В плену у белополяков - [10]

Шрифт
Интервал

План в конце концов был выработан не сложный. Ночью мы должны были перерезать проволоку, окружавшую лагерь, убежать в лес и, скрываясь там, двигаться по ночам к Белоруссии.

Мы поручили Петровскому сделать ножницы из двух ножей, которые предварительно нужно было украсть на кухне. Последнюю операцию поручили Грознову и Сорокину.

Мне, наиболее потрепанному, необходимо было окрепнуть, чтобы без риска для товарищей двинуться вместе с ними. После тифа и побоев, так щедро сыпавшихся на меня, я окончательно ослабел.

Рассчитывать на установление диетического режима, способствующего восстановлению моих сил, разумеется, не приходилось.

Я пытался доказать товарищам, что они не имеют права дожидаться меня.

Мои уговоры оказались бесполезными.

Мы порешили энергично заняться подготовительной работой.

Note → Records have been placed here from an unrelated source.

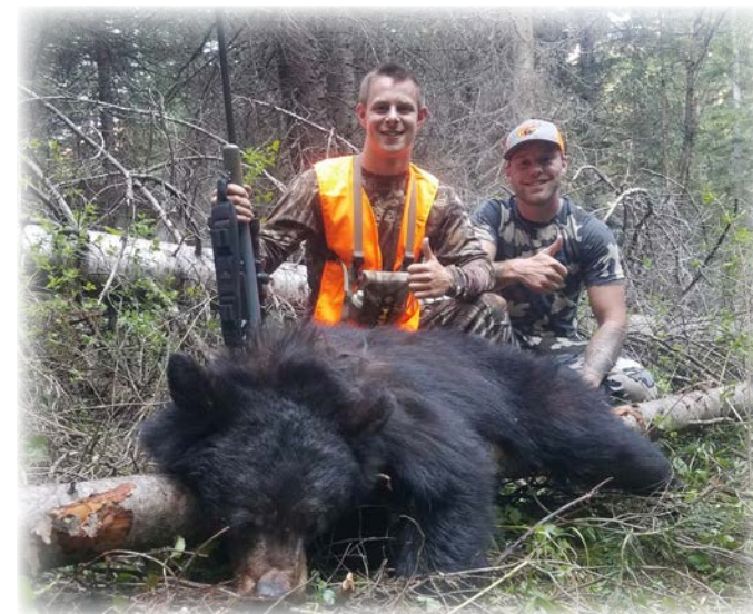
Killing bears and saving fawns & calf elk!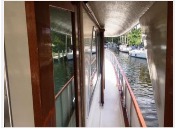
Starboard covered walkway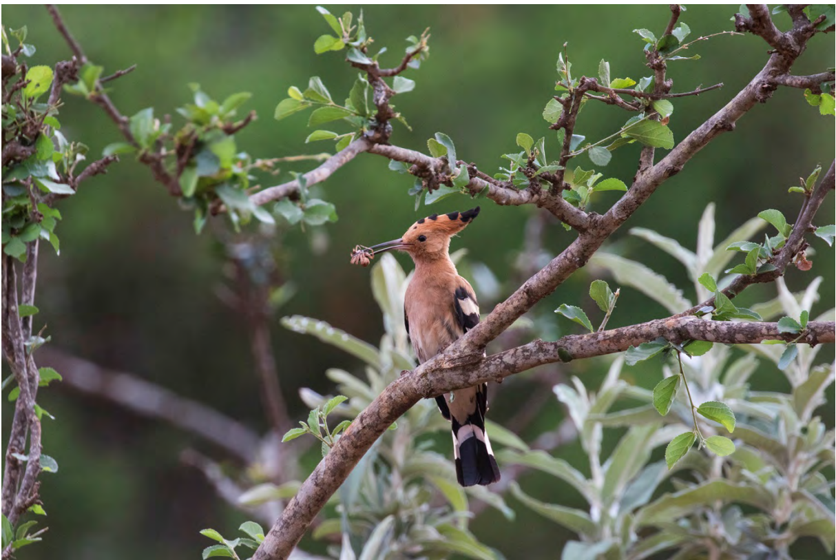
Eurasian Hoopoe, Fonan Gofa (TC)

Abyssinian Scimitarbill Rhinopomastus minor 1 12/1, 2 15/1, and 1 21/1. ( cabanisi in S Ethiopia, minor in the east)

Лагерное начальство не рисковало пускать нас в город и не утруждало пока ничем. Времени свободного было хоть отбавляй.

Мы жили, как на необитаемом острове, окруженные злыми церберами.

Совсем близко от нас напряженно бился пульс промышленного города. Днем он представлялся суетящимся муравейником. Передвигавшиеся по всем его диагоналям люди казались безликими. Вечерами город расцвечивался беспокойными огнями. На фоне обычных построек отчетливее выделялись фабричные корпуса, резче звучали гудки и трубы и по-особому воспринимались волнующие ритмы его жизни.

Наши мысли устремлялись к рабочим кварталам, населенным теми, кому предстоят еще великие испытания, кто должен снова накапливать силы для дальнейшей борьбы с угнетателями.

Эти люди были нам близки.

Однажды в бараке устроили поголовный обыск. Наши «вещи» перетряхивали. Допытывались, не видел ли кто газет.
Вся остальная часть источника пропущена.